[Entries taken from a collection]
******************************

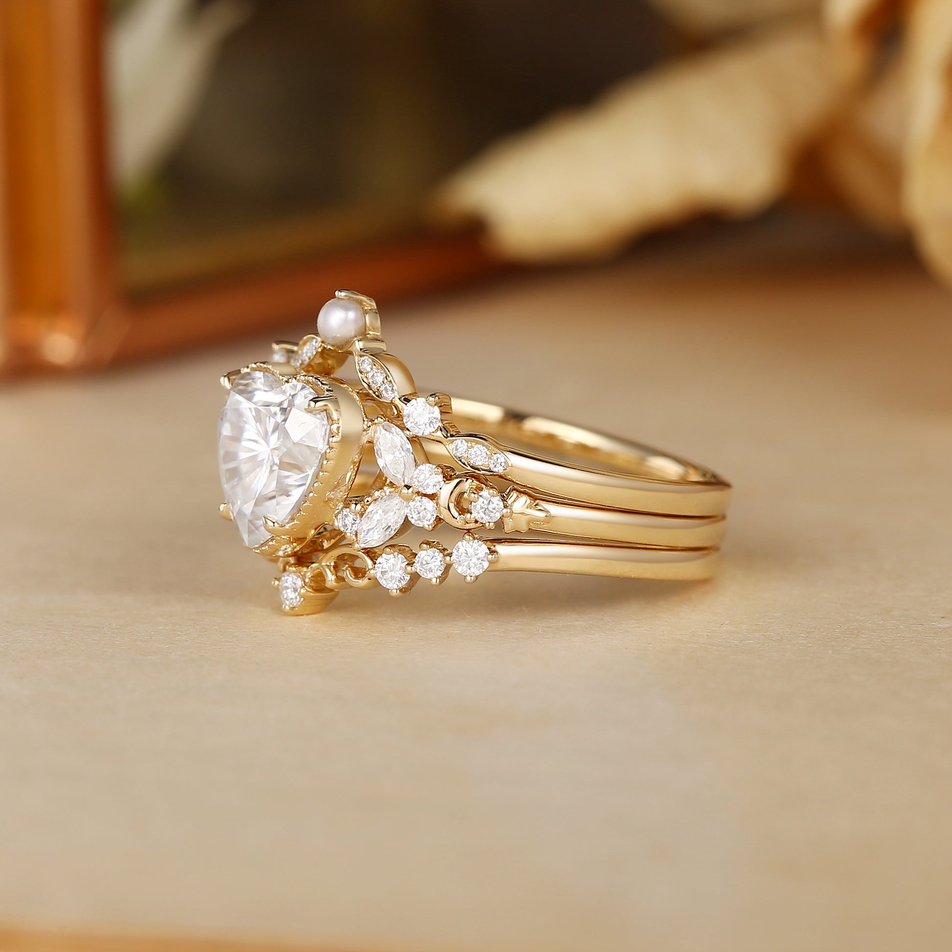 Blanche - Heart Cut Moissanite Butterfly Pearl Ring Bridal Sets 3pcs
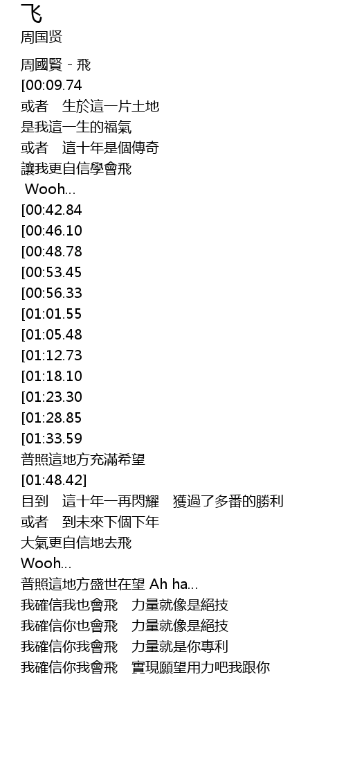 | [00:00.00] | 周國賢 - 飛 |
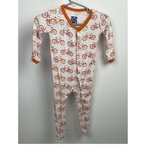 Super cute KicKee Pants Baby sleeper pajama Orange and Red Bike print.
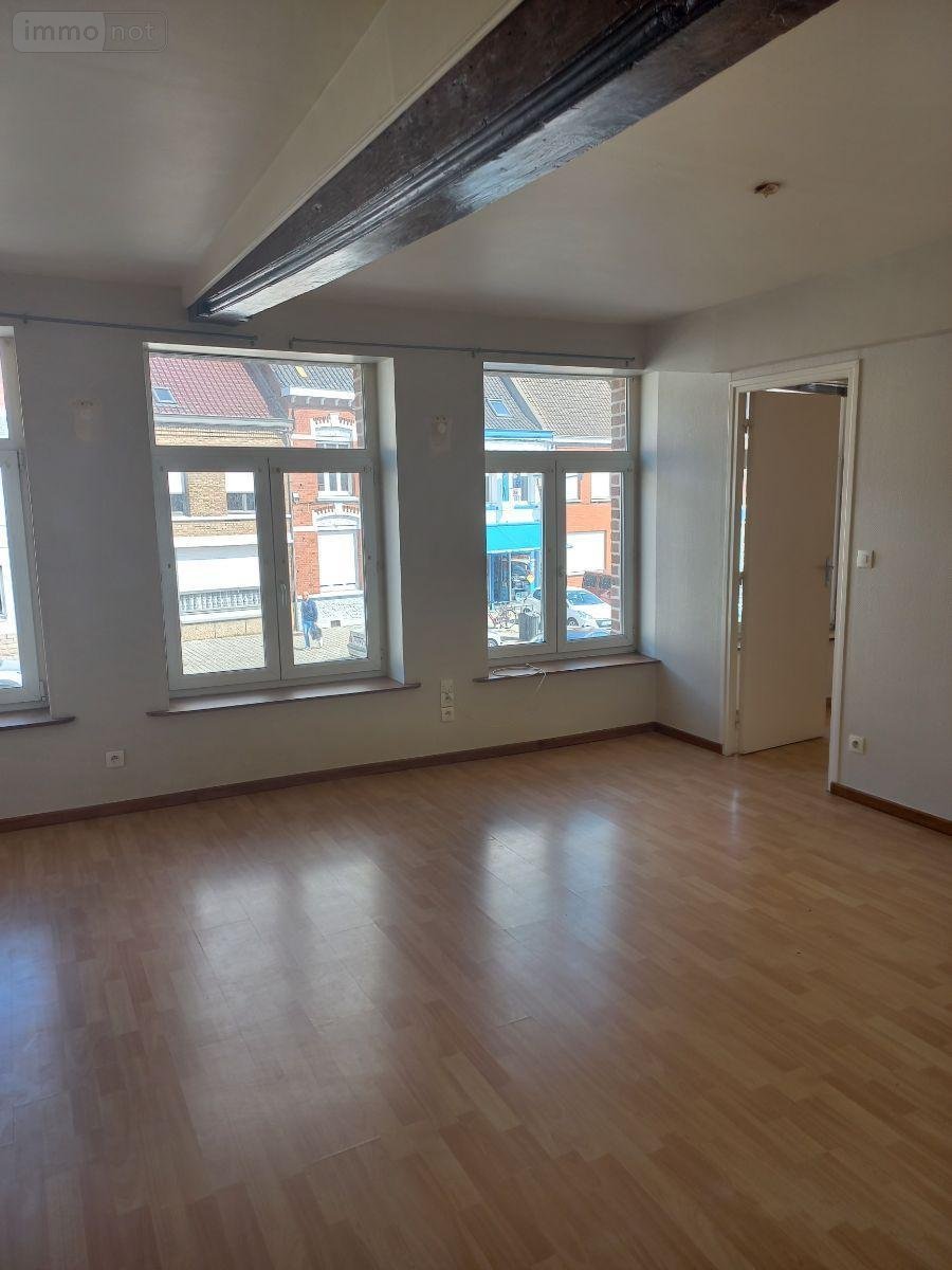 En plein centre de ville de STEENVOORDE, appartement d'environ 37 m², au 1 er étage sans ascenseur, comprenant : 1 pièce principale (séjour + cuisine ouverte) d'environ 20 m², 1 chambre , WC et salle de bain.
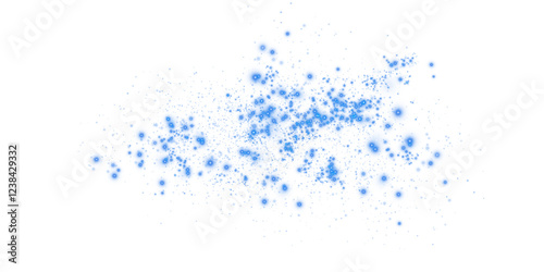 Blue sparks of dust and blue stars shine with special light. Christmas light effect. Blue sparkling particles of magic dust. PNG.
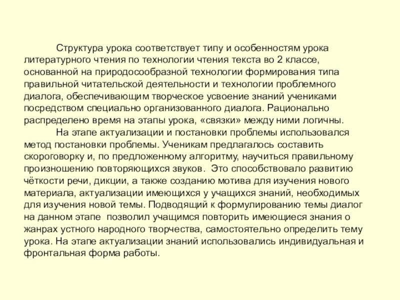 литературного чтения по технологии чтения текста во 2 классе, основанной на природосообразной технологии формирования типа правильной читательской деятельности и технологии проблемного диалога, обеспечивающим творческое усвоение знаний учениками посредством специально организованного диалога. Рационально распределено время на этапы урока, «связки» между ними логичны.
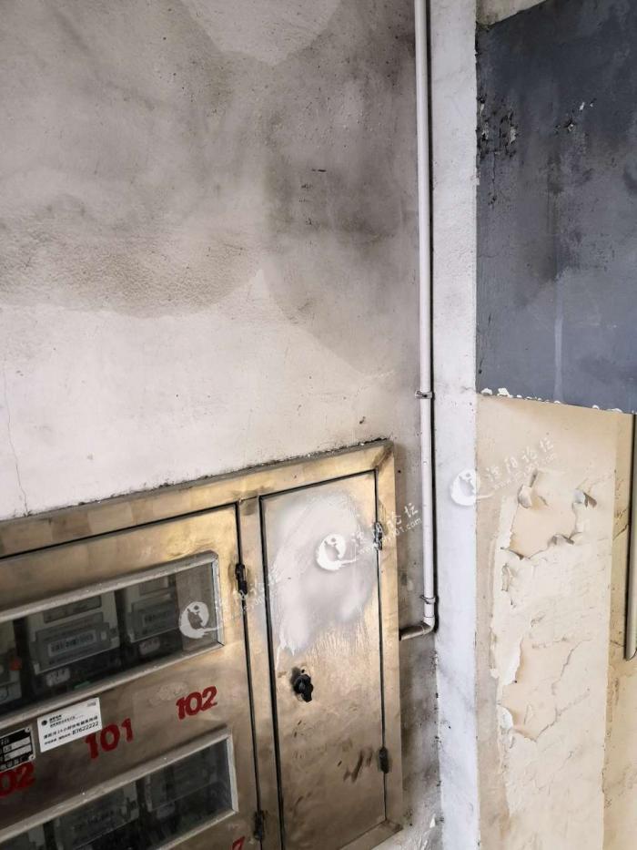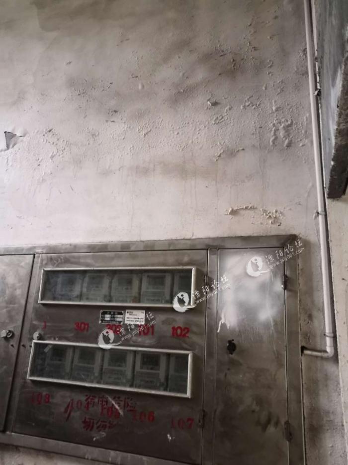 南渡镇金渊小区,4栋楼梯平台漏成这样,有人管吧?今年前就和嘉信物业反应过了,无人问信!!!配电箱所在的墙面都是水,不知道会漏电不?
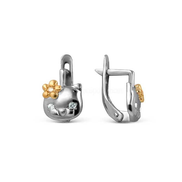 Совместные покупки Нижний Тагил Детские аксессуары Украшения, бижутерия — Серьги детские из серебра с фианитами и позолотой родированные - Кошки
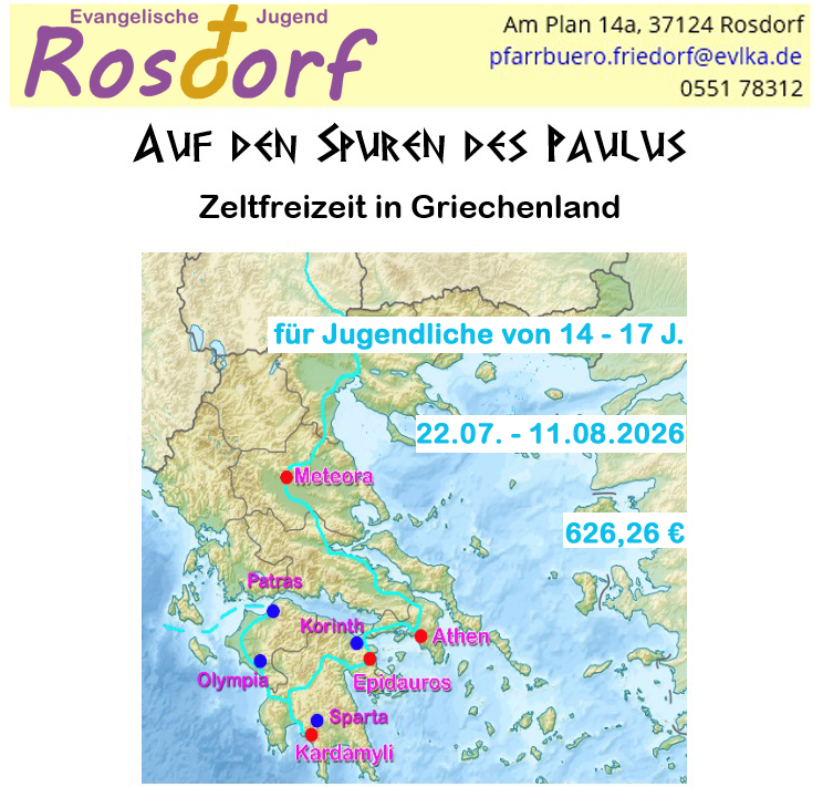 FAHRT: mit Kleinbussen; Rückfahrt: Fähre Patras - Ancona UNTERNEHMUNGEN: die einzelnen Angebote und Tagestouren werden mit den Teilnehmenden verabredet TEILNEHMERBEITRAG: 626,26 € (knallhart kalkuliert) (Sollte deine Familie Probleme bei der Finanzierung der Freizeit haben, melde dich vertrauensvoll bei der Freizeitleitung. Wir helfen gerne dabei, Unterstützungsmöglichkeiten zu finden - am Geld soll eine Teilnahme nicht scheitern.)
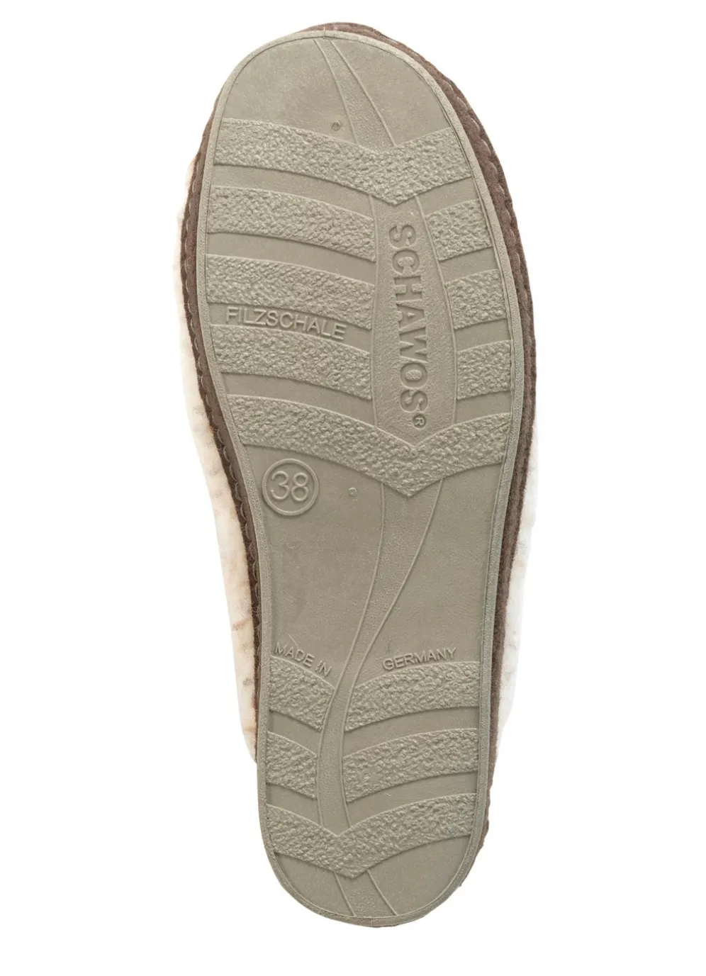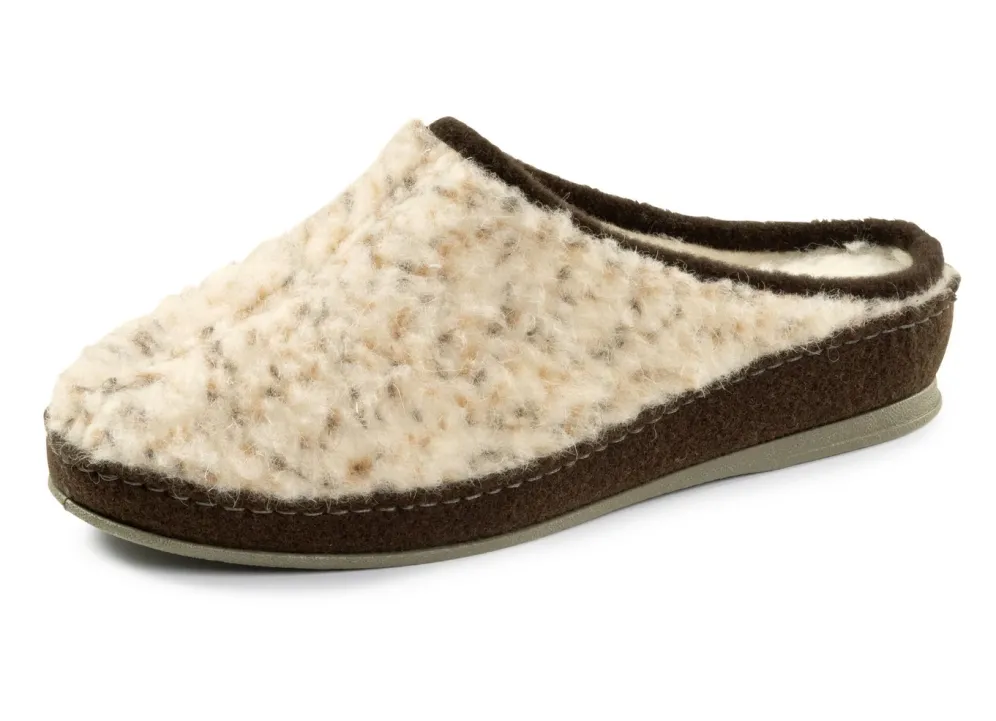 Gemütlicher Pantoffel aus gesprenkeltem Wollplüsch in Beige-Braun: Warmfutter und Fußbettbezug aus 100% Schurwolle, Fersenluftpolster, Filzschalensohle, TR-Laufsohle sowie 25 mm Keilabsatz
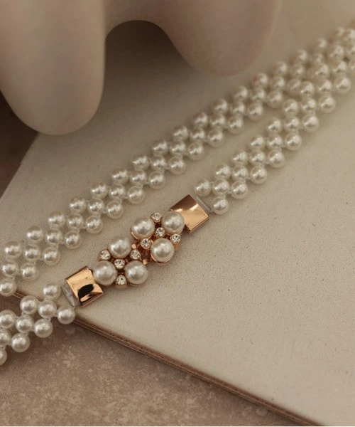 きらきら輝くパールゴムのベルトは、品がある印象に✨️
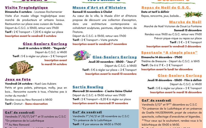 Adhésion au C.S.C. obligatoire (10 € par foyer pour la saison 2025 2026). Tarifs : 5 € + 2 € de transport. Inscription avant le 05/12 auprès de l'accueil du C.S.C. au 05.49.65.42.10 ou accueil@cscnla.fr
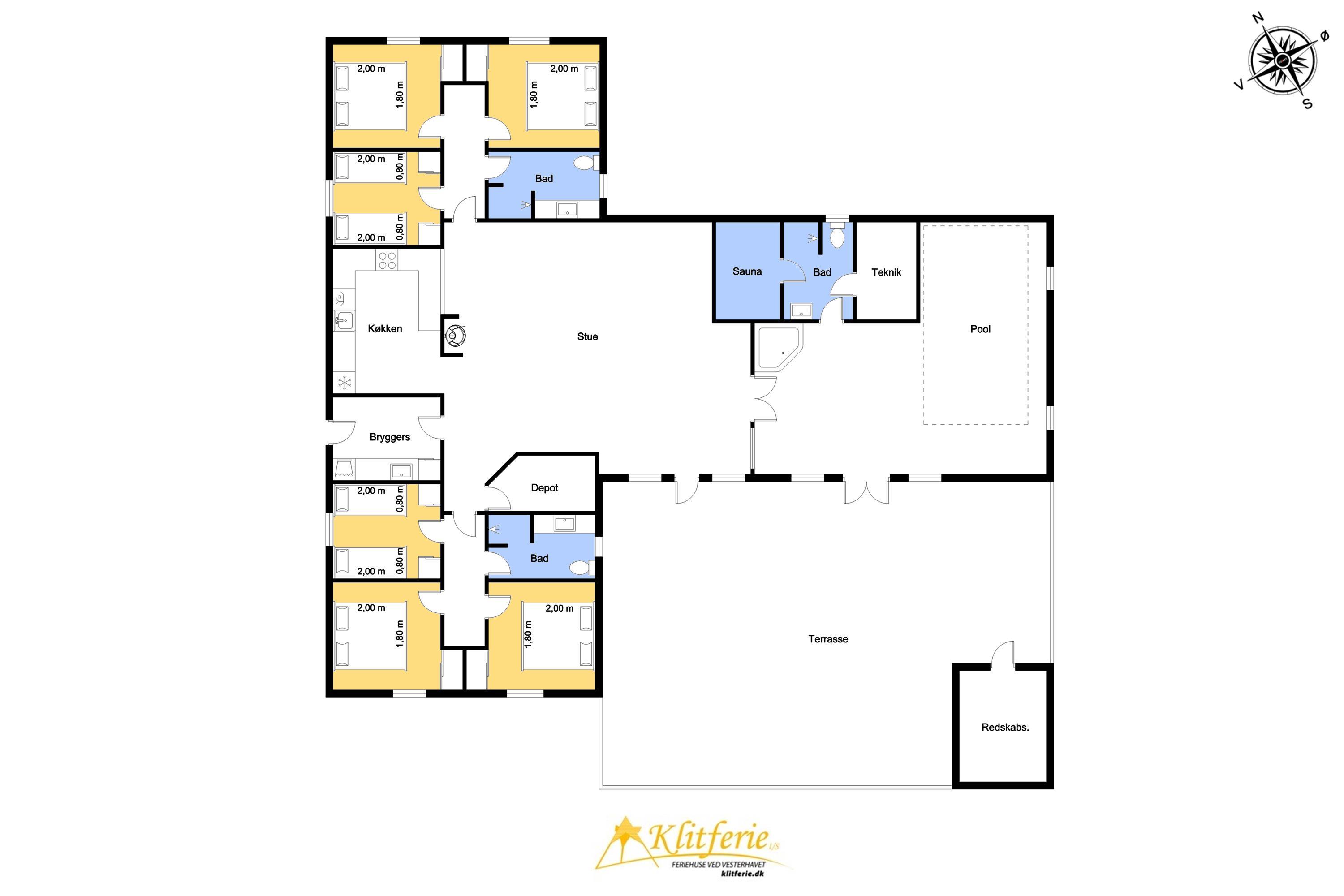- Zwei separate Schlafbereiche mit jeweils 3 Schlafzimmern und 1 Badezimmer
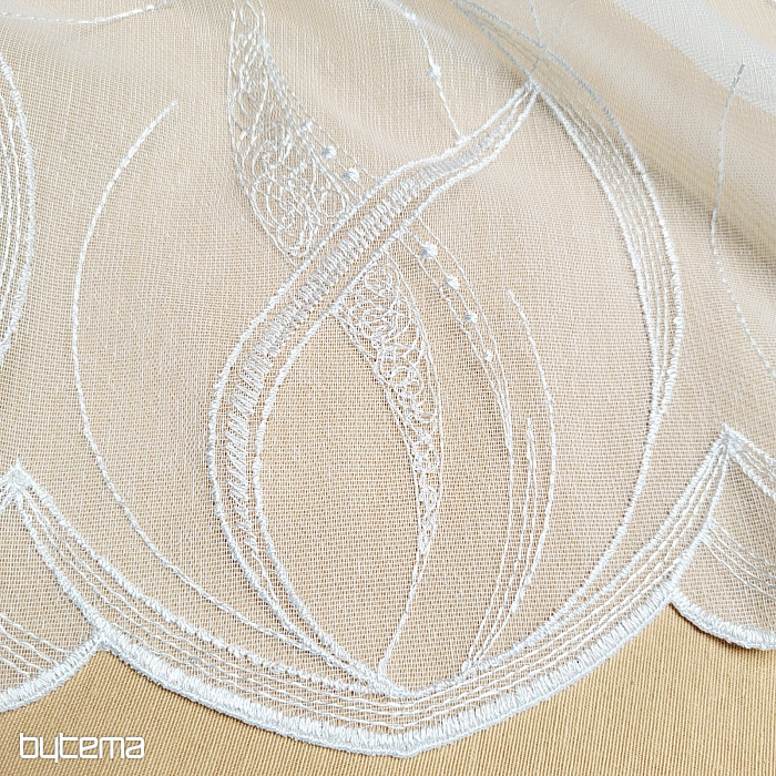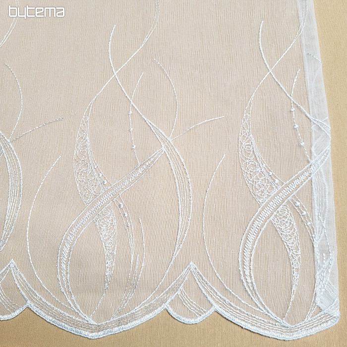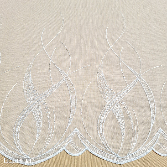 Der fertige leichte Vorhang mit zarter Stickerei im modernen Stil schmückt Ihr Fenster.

******************************

Out of the records above, set down only the lines from the one that contains "En plein centre" through the one that contains "Совместные покупки Нижний", unchanged and without the pictures.

 En plein centre de ville de STEENVOORDE, appartement d'environ 37 m², au 1 er étage sans ascenseur, comprenant : 1 pièce principale (séjour + cuisine ouverte) d'environ 20 m², 1 chambre , WC et salle de bain.
 Blue sparks of dust and blue stars shine with special light. Christmas light effect. Blue sparkling particles of magic dust. PNG.
 литературного чтения по технологии чтения текста во 2 классе, основанной на природосообразной технологии формирования типа правильной читательской деятельности и технологии проблемного диалога, обеспечивающим творческое усвоение знаний учениками посредством специально организованного диалога. Рационально распределено время на этапы урока, «связки» между ними логичны.
 南渡镇金渊小区,4栋楼梯平台漏成这样,有人管吧?今年前就和嘉信物业反应过了,无人问信!!!配电箱所在的墙面都是水,不知道会漏电不?
 Совместные покупки Нижний Тагил Детские аксессуары Украшения, бижутерия — Серьги детские из серебра с фианитами и позолотой родированные - Кошки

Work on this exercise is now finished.